● TASK INSTRUCTIONS: Of the lines in the material below, print only those from the one containing "Цей браслет —" to the one containing "and casual wear.", ends included, exactly as written and without pictures.

● DATA FOR THIS TASK:
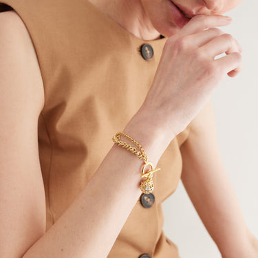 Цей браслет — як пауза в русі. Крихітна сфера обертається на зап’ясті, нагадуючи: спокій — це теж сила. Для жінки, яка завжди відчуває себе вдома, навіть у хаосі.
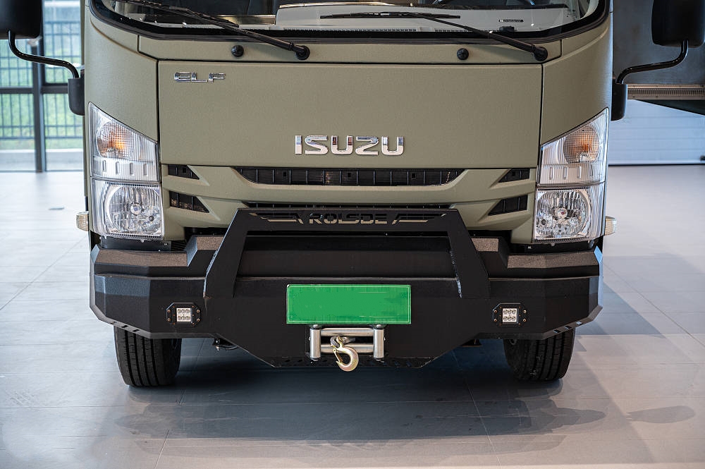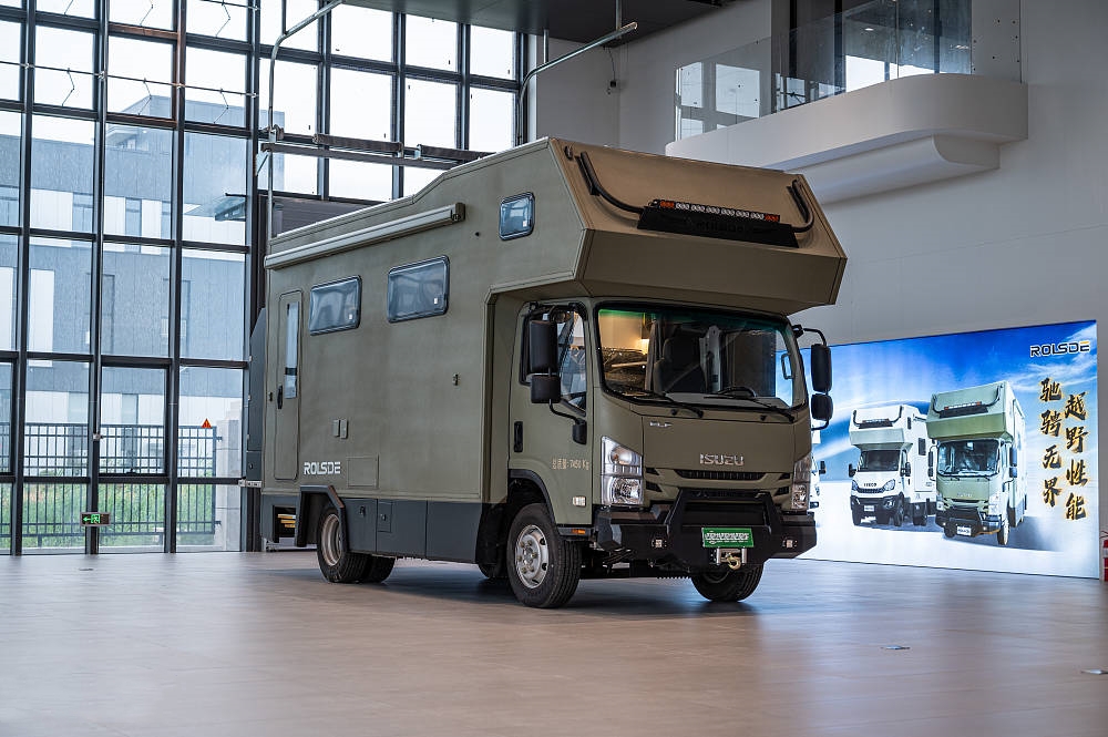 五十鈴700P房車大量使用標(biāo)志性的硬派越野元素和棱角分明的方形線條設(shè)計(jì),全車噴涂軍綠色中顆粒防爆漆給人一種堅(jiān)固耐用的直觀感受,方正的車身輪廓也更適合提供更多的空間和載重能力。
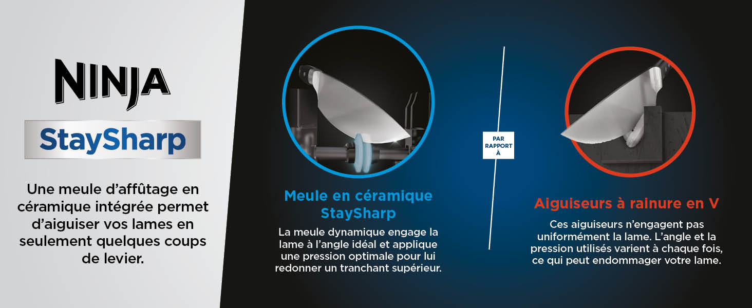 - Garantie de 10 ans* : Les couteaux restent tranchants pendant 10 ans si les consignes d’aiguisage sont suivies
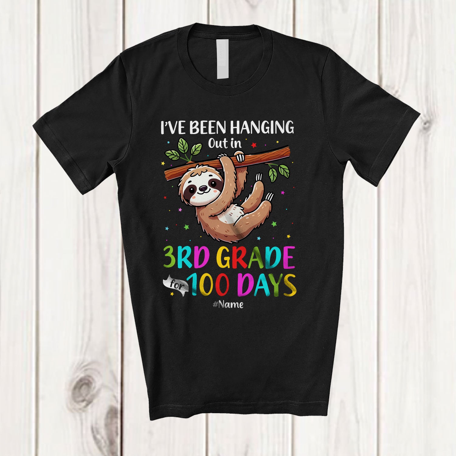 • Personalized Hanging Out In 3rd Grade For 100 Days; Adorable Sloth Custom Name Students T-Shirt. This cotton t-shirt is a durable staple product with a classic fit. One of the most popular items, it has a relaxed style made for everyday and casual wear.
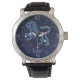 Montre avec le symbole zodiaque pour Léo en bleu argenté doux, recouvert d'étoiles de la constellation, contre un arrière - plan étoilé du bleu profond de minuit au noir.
* * *
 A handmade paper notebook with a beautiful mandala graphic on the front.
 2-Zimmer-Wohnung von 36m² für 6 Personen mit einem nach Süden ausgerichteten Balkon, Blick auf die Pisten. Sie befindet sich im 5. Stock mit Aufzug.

● RESULT:
 Цей браслет — як пауза в русі. Крихітна сфера обертається на зап’ясті, нагадуючи: спокій — це теж сила. Для жінки, яка завжди відчуває себе вдома, навіть у хаосі.
 五十鈴700P房車大量使用標(biāo)志性的硬派越野元素和棱角分明的方形線條設(shè)計(jì),全車噴涂軍綠色中顆粒防爆漆給人一種堅(jiān)固耐用的直觀感受,方正的車身輪廓也更適合提供更多的空間和載重能力。
 - Garantie de 10 ans* : Les couteaux restent tranchants pendant 10 ans si les consignes d’aiguisage sont suivies
 • Personalized Hanging Out In 3rd Grade For 100 Days; Adorable Sloth Custom Name Students T-Shirt. This cotton t-shirt is a durable staple product with a classic fit. One of the most popular items, it has a relaxed style made for everyday and casual wear.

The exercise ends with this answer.